The daughter-in-law says that she visits the home every day to take food, which is through a tube, medicines and personal hygiene items. For the daughter-in-law, the routine is tiring, but “at the end of the year, it gets a little more complicated, because work schedules intensify and professionals [do lar de permanência de idosos] go on vacation.”

Gerard says that basic care services, such as food and bathing, are not interrupted. However, assistance from health professionals and doctors is scarcer. “The home’s management itself says that the staff is very small,” he says.

“But her care and the family’s presence have to be daily. Especially because we have, due to the status of the elderly, to provide this service. We know about the emotional responsibility, but also the legal and social responsibility in providing this assistance regardless of time”, says Gerard.

Psychologist Aline Couto explains that the division of labor places women much more in the sphere of care work. “It’s work for others, which involves paying attention and organizing details that involve other people and still thinking about themselves,” she says.

For the psychologist, these demands make women feel increasingly overwhelmed.

In addition to daily attention, Gerard states that he needs to plan for the end of the year, as some pharmacies, which sell more specific supplies, are also taking a break. “I have to anticipate, I have to buy twice as much of her diet, double the amount of diapers. I have to be attentive not only to the issue of care, but to the issue of supplies for her daily care.”

Couto highlights that this planning is also a mental burden for women. “We learn from childhood to think about what needs to be done. This is a division that exists in society, no matter how much you can try to reduce this burden on yourself, the outside world will demand it from you”, she says.

Gomes states that, even though she shares the care with her daughter’s father, “the mother has more responsibility to stay at home, to be with the child”, he says. “My husband picks her up from daycare. Sometimes, there’s traffic, and I get worried that he won’t be able to get there on time.”

She also highlights that she cannot entrust her daughter’s care to a nanny, for example. “I could hire someone to stay with her all day, but we often see in reports that the father himself abuses the children. Imagine someone we don’t know? I have this insecurity,” she says.

Women’s professional lives end up being affected by this extra shift. Gomes says that her company understands when she needs to work from home and her boss is flexible. “But I’m not there at the company on the days my team has to be there, that makes me insecure.”

Gerard also planned his professional life with care for his mother-in-law in mind. “I chose to work in a location extremely close to where she is to provide this more intensive assistance,” he says.

Psychologist Aline Couto understands that, despite the overload, these care jobs are emotionally important for women. “If it were just bad, we might not do it. But there are other consequences, there’s this sense of community that is generally very important for women too,” she explains.

Gerard says that caring for his mother-in-law is tiring. “But what motivates us every day is knowing that we are providing the best for her.
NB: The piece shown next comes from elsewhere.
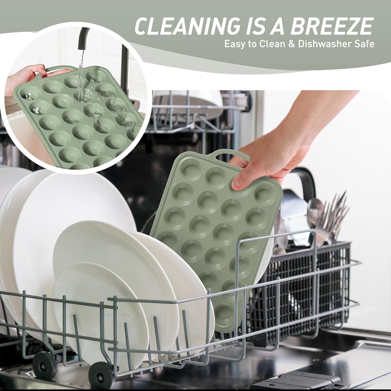 - 【Food Grade Silicone Muffin Tray】Safe for the oven, microwave, dishwasher, fridge, and freezer. With an impressive heat resistance range from -104°F to 446°F, it’s perfect for all your favorite baked goods. Oven-safe handles withstand repeated baking cycles without cracking, unlike cheaper silicone baking cupcake muffin pan with plastic components. Food grade silicone of our muffin pan with anti fouling and anti staining properties, tested over 1000 times and still maintains 99% freshness.

One day, she will no longer be here, her time is running out, so we do our best to provide more comfort.”

Couto emphasizes that it is important to realize when this care work is excessively burdensome. “Exhaustion has to do with mental acceleration, the feeling that you can’t rest, when it becomes something that you can’t turn off your thoughts. It’s different from tiredness where you rest and feel better the next day,” he says. . The psychologist states that it is necessary to pay attention to feelings to avoid these burnouts.